Even the Murdoch press has started to hedge its bets after a hysterical crusade which even one of The Australian’s own senior journalists, Rick Morton, has dubbed “craziness.” Pope Paul Kelly, for instance, has admitted that Shorten is ready to govern, and has started to speculate about Morrison’s life in opposition.

The real nutters, naturally, remain unreconstructed: Chris Kenny is preparing to die with his boots on for the Liberal party and will continue to put them into any lefty head he can find to kick. But when the mogul’s empire starts to crumble, then surely the end of the world – his world – is nigh.

And the other big event of last week was the long awaited Labor costing, as delivered by the impeccably impartial Parliamentary Budget Office. This was not only far less frightening than Morrison and his crusaders have pretended; it was actually good news in the form of greater surpluses to contain the local and international threats of a downturn.

And the figures have not seriously been challenged: the best Morrison could do was to label them “fishy” while his treasurer, Josh Frydenberg simply dismissed them as “unbelievable.” Well. perhaps he chooses not to believe them, but that is par for the course: at least half his party colleagues do not believe climate change, some do not believe evolution, and there are probably a handful or so who do not believe the earth goes around the sun.

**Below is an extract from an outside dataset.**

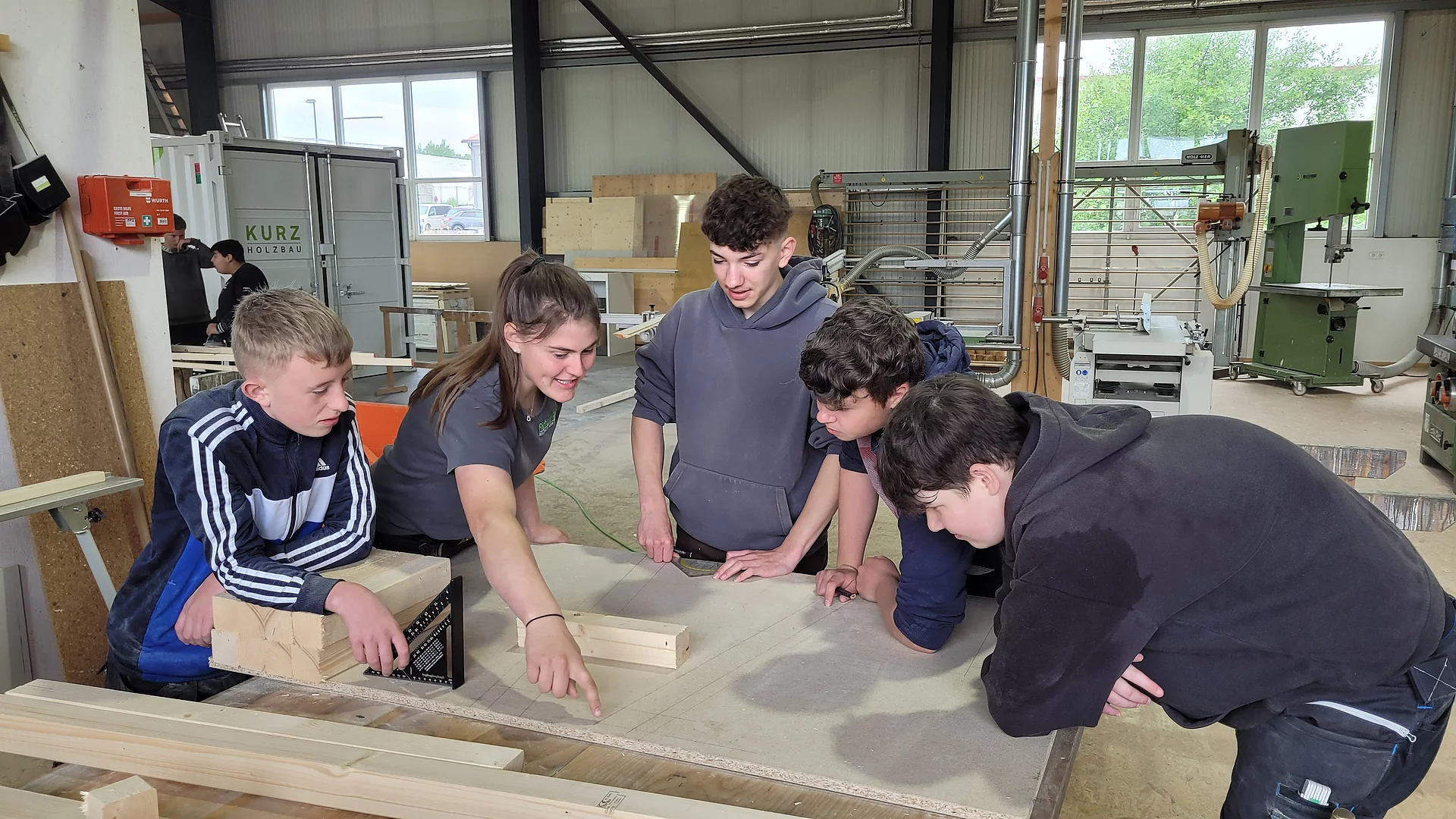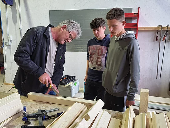 Im Rahmen eines „Praxis an Mittelschulen-Projekts“ besichtigte die Technik-Gruppe der 7. Klasse bereits im April den Betrieb Holzbau Kurz. Jetzt folgte der Praxistag für die 8. Klasse im Unternehmen.

But denial, delusion and defiance will no longer cut it.. The hard fact is that the coalition, after nearly six years of divisive dithering over policy has even run out of that. Daggy dad ScoMo has been reduced to the level of the friendly stranger who has just moved into the neighbourhood and spends his time asking passers-by to come to his house with the offer of a bag of lollies and a refuge from the bogey man. And we all know how that story ends.

In the end Morrison’s final message appears no less effective than Billy McMahon’s derisory reply to Gough Whitlam’s ”It’s Time” juggernaut: “Not Yet.” Which made his launch less of a rallying cry than a farewell – famous last words.

And it was fitting that the last Newspoll, which has played such a devastating role on the long, decline of the coalition should provide its epitaph: 49 per cent is never enough.